# LifeLike Santa Fe diesel not getting traction



## Stroller (Dec 20, 2012)

Hi there. First off I am new here. So with that I have a Life Like Santa Fe Diesel engine that has decided to give me major headaches.

Ok this thing does use the traction tires on the front 4 wheels. The 2 to the front pull it, the back 2 go backwards.

Well I have had this thing since about 1994 or so. Heres the deal. 

I put it up once a year for yup, christmas. My track runs about 28 feet or so.

When I put out I clean the track with 800 grit sand paper and contact cleaner. I clean the contact wheels so they are nice and shiny too.

This year I put it together and it worked fine. Then one day a few weeks ago, it decided it did not want to roll around anymore.

I looked real close and found 1 tire missing. I ordered some off Ebay, they worked ok, but the engine would slip and shake like crazy going forward, perfect going backwards.

I ordered some from Walthers, just got them today. Put the new tires on and now it will sort of go backwards, and does constant burnouts going forward. It will move, but ever so lightly.

When I push down on the nose it seems like it wants to take off. When I turn it on and look at the tires making contact, it seems they are ever so lightly resting on the track and spin like crazy if I turn up the juice.

I opened the fuel tank to see if I could put some more flat weights in but it's full. I tried sticking a pad on 1/8 thick foam to try to push the wheels down, no difference. If I were to try to add some wieght, I have no idea where or how. There is bout a 1-2 wide pad across the nose, but that's it. 

Seems real strange it has always worked, except when the transformer went south, and all of sudden nuttin.

Thanks for any help.


----------



## Big Ed (Jun 16, 2009)

What scale is it?


----------



## Stroller (Dec 20, 2012)

big ed said:


> What scale is it?


I think it's an HO scale. It has only the 2 rails and they are about an inch apart.

A little update. I found a way to put 2 fishing sinkers in @ the nose, it helps sort of. As soon as I turn the transformer on the head light is coming to life and it wants to start rolling, even with the littlest of power going in.

Also in my post I meant to say the pad at the nose is only about 1/2" deep and about 1" wide. If this would get the traction to the rails it would take off to the point of de-railing on turns, the front wheels are spinning the way they should. 

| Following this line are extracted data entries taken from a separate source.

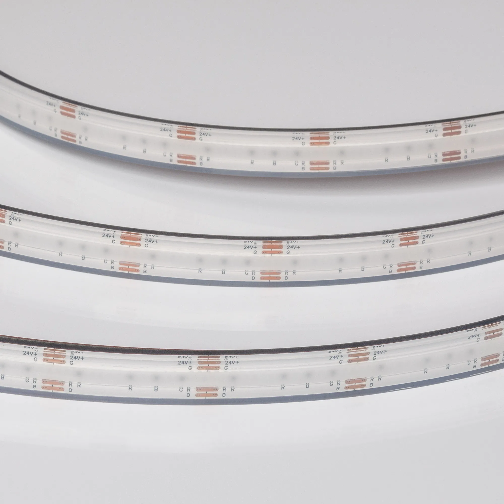 Светодиодная герметичная лента сплошной засветки без видимых светодиодов серии CSP X540, IP68 (PFS - полная силиконовая экструзия). Светодиоды CSP, 540 шт/м (2700 шт на 5 м), белая плата шириной 10 мм. Цвет RGB, угол 160°. Питание 24 В, мощность 15 Вт/м (75 Вт на 5 м). Размеры 5000x12x5 мм. Мин. отрезок 33.33 мм. Цена за 1 м.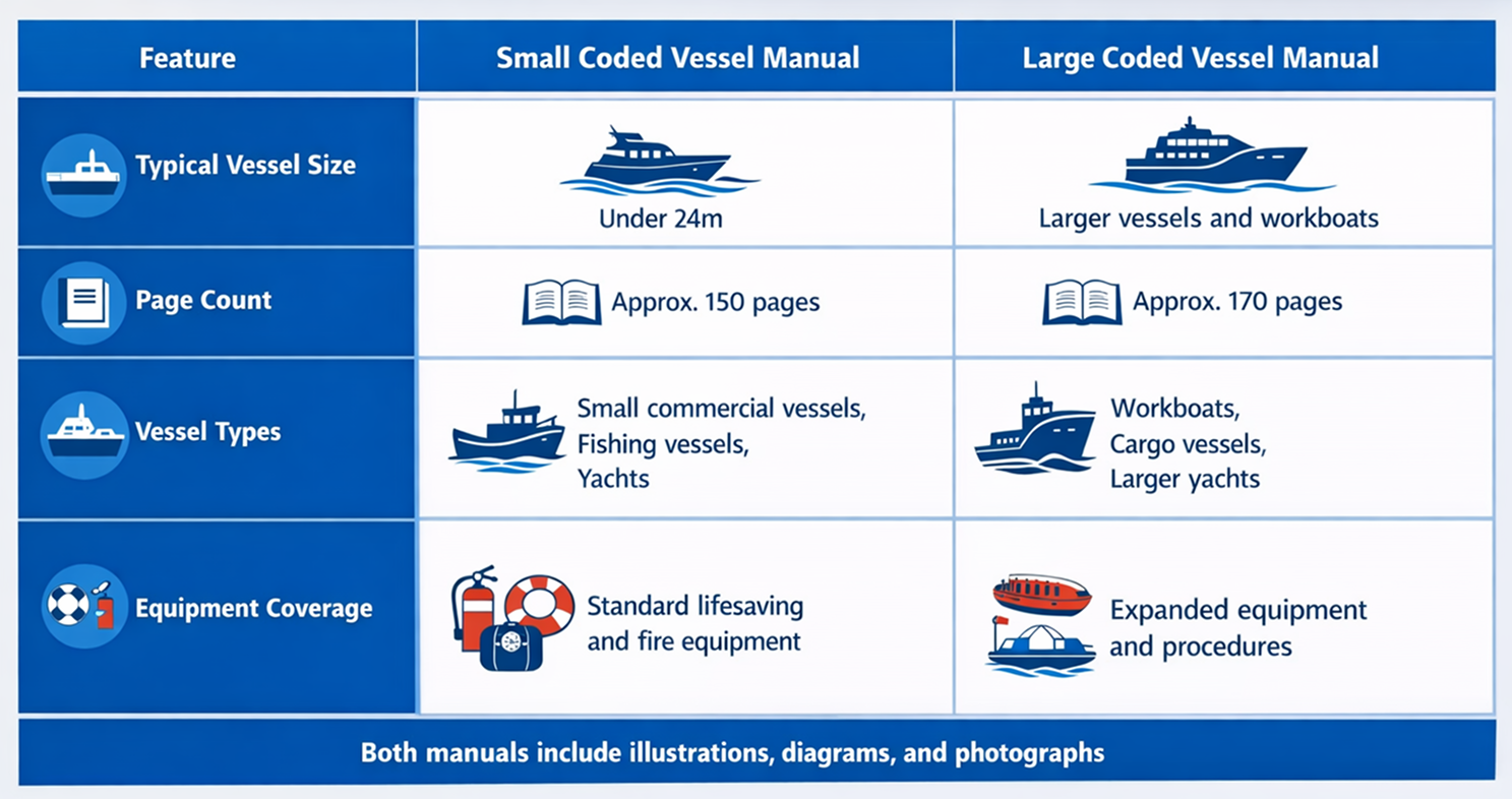 Small coded vessel manuals are designed for vessels under 24 metres and typically contain around 150 pages of safety guidance. Large coded vessel manuals are used on larger vessels and provide expanded coverage of safety equipment and operational procedures.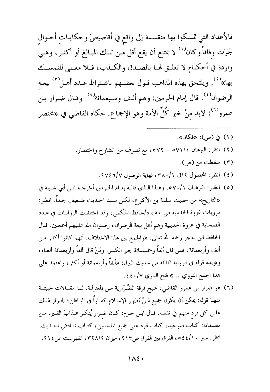 (¬٥) انظر: البرهان ١/ ٥٧٠. وهذا الذي قاله إمام الحرمين أخرجه ابن أبي شيبة في "التاريخ" من حديث سلمة بن الأكوع، لكن سند الحديث ضعيف جدًا. انظر: مرويات غزوة الحديبية ص ٥٠، د/ حافظ الحكمي، وقد اختلفت الروايات في عدد الصحابة في غزوة الحديبية وهم أهل بيعة الرضوان، رضوان الله عليهم أجمعين. قال الحافظ ابن حجر رحمه الله تعالى: "والجمع بين هذا الاختلاف: أنهم كانوا أكثر من ألف وأربعمائة، فمن قال ألفًا وخمسمائة جبر الكسر. ومَنْ قال ألفًا وأربعمائة ألغاه، ويؤيده قوله في الرواية الثالثة من حديث البراء: "ألفًا وأربعمائة أو أكثر، واعتمد على هذا الجمع النووي. . ." فتح الباري ٧/ ٤٤٠.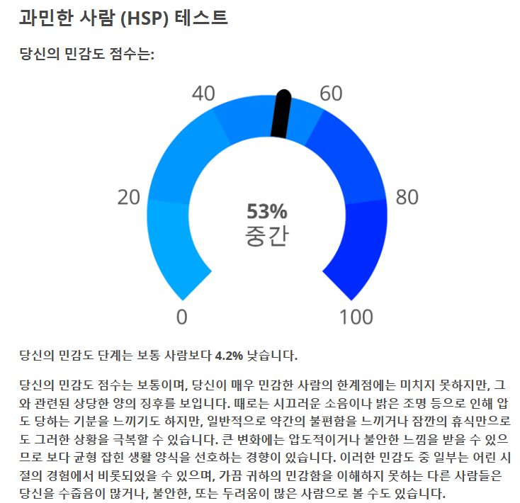 ⭕ 테스트 점수가 높을 수록, 매우 예민한 사람들(HSP)이 가진 특성을 갖고 있다고 이해할 수 있습니다.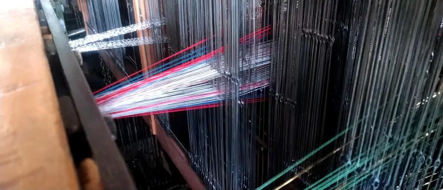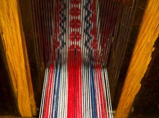 Vor dem Weben muß der Bandstuhl vorgerichtet werden, die

I went ahead and checked continuity all around the track and there is no voltage drop anywhere.


----------



## gunrunnerjohn (Nov 10, 2010)

Lifelike would most likely be an HO locomotive.


----------



## rrgrassi (May 3, 2012)

I have repaired life like locos that would do that. Typically the motor drivien truck has traction bands on all four wheels, allowing for forward and reverse movement.

I like to use the Calumet branded HO diesel traction bands.

Your best bet would be to get an Athearn Blue Box loco for that set, IMHO.


----------